Vital for Germany was the Soviet supply of food. Almost a third of the German population worked in agriculture, but the country could not feed itself. Military victories in 1940 did not reduce Germany’s dependence on deliveries from the Soviet Union. The Germans raised the issue of doubling the supply of grain, which have already reached 1 million tons per year.
And received the consent of Stalin and Molotov followed a policy of appeasement of Hitler and was going to make serious concessions in trade and economic Affairs. They volunteered to print the strategic grain reserves of the USSR, to meet the request of Hitler. In the spring of 1941, the Germans complained that the price of wheat and rye for them is high, and Moscow has thrown off the price by 25 percent.

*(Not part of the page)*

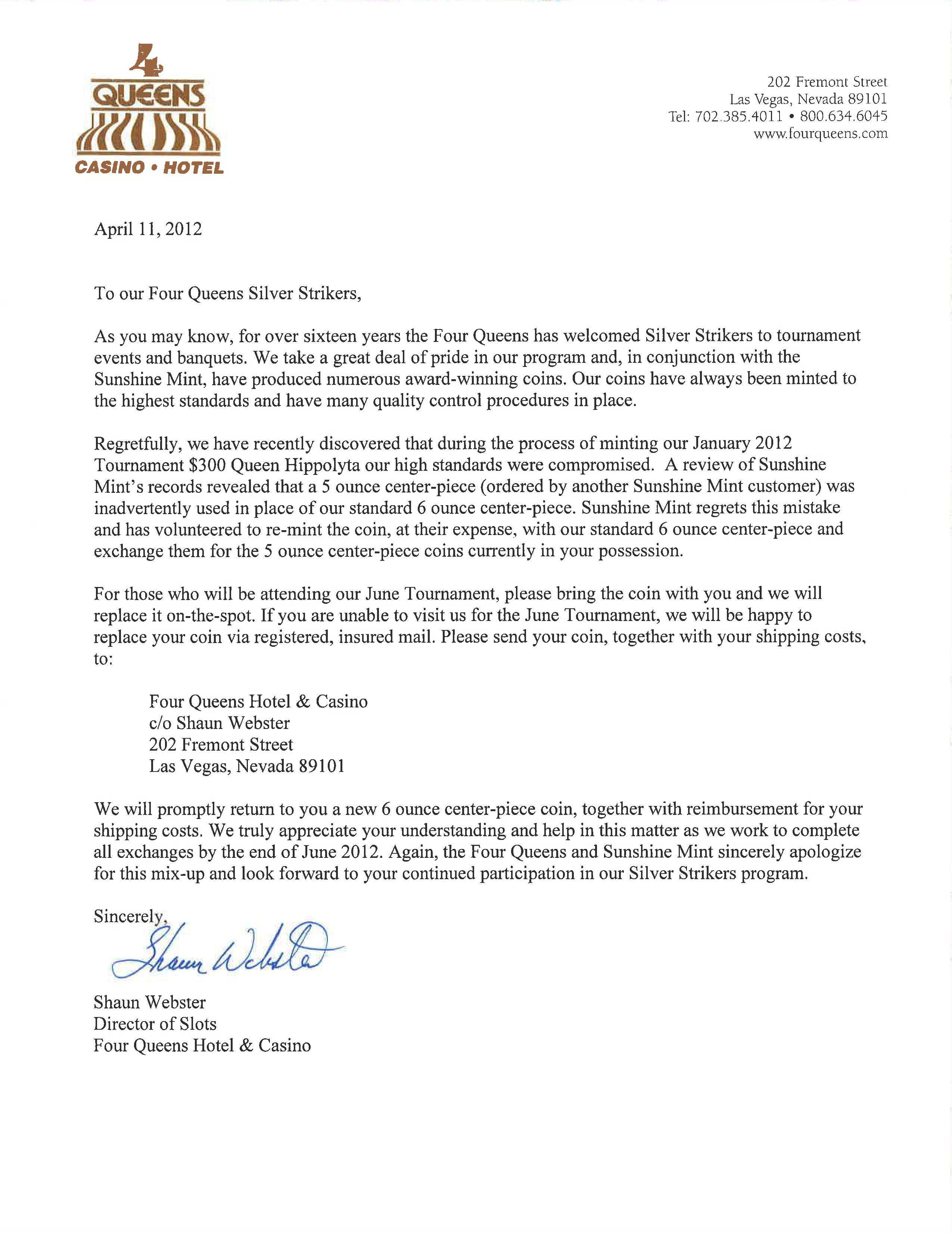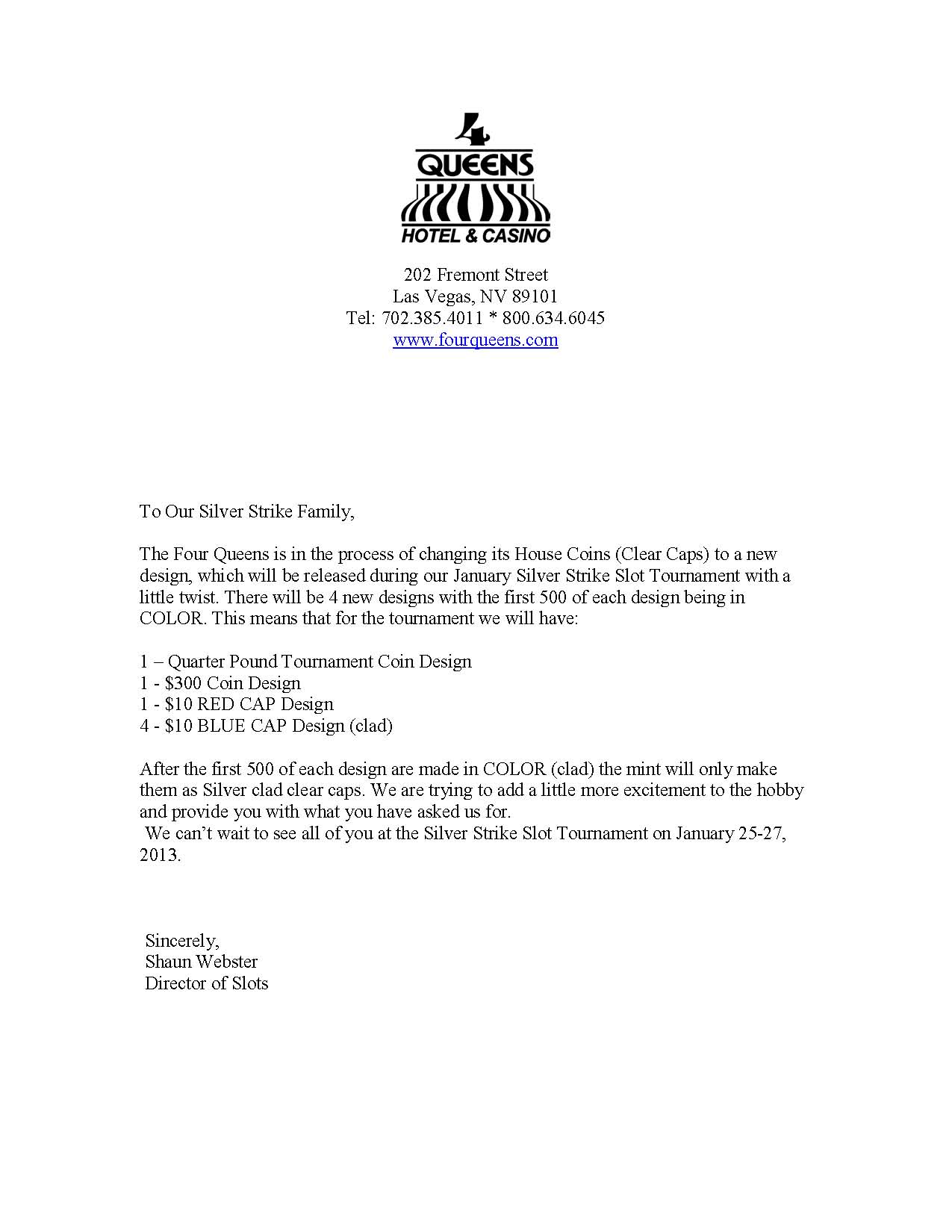 Silver Strike Note from the Four Queens - Four Queens Silver Strike Note PDF Document Version, Four Queens Silver Strike Note JPEG Version

In February 1940, in Moscow signed a new Treaty between the USSR and Germany. The agreement provided that the Soviet Union will deliver to Germany 1 000 000 tons of feed grains and legumes, 900,000 tons of oil, 100,000 tons of cotton, 500,000 tons of phosphates 100,000 tons of chrome ores 500,000 tons of iron ore, 300,000 tons of iron, 2 400 kg of platinum, 11 000 tonnes of copper, 3,000 tons of Nickel, 950 tons of zinc, 500 tons of molybdenum, 500 tons of tungsten, 40 tons of cobalt. These and other materials were transported through Soviet and Polish territory, which allowed Nazi Germany to circumvent the British naval blockade.
The German military command has received the consent of Moscow to refuel submarines and warships of the Navy of Germany on the Soviet bases. The Soviet Union also helped Germany to avoid British naval blockades, with the submarine base in the Northern part of the Soviet Union in Murmansk.
On 10 January 1941, signed an agreement on mutual deliveries until August 1942. On the same day was signed a Treaty on the Soviet-German border from the river Gambling to the Baltic sea, the agreement on resettlement of the Lithuanian, Latvian and Estonian SSR of the Germans in Germany, the agreement on the settlement of mutual property claims related to the resettlement.
June 3, 1941 a secret decision of the Politburo approved the “special reserves” to supply to Germany of thousands of tons of strategic raw materials, military industry: copper, Nickel, tin, molybdenum and tungsten. Some of the raw materials, the Soviet Union bought in other countries and delivered in Germany. It was a rare metals and rubber, without which it would have motorized units of the Wehrmacht a few weeks stopped.
Between 1939 and 1941 Stalin supplies Hitler, 1.5 million tons of oil, 1.5 million tons of grain and many thousand tons of rubber, timber, phosphates, iron and other metallic ores, in particular chrome, manganese and platinum. It is a trade agreement with the Soviet Union helped Germany to overcome the blockade.
The last echelon of Soviet grain to Germany passed through the Western bug river in Terespol 22 June 1941, over one hour and 15 minutes before the attack on the USSR. By the way, it is still not paid.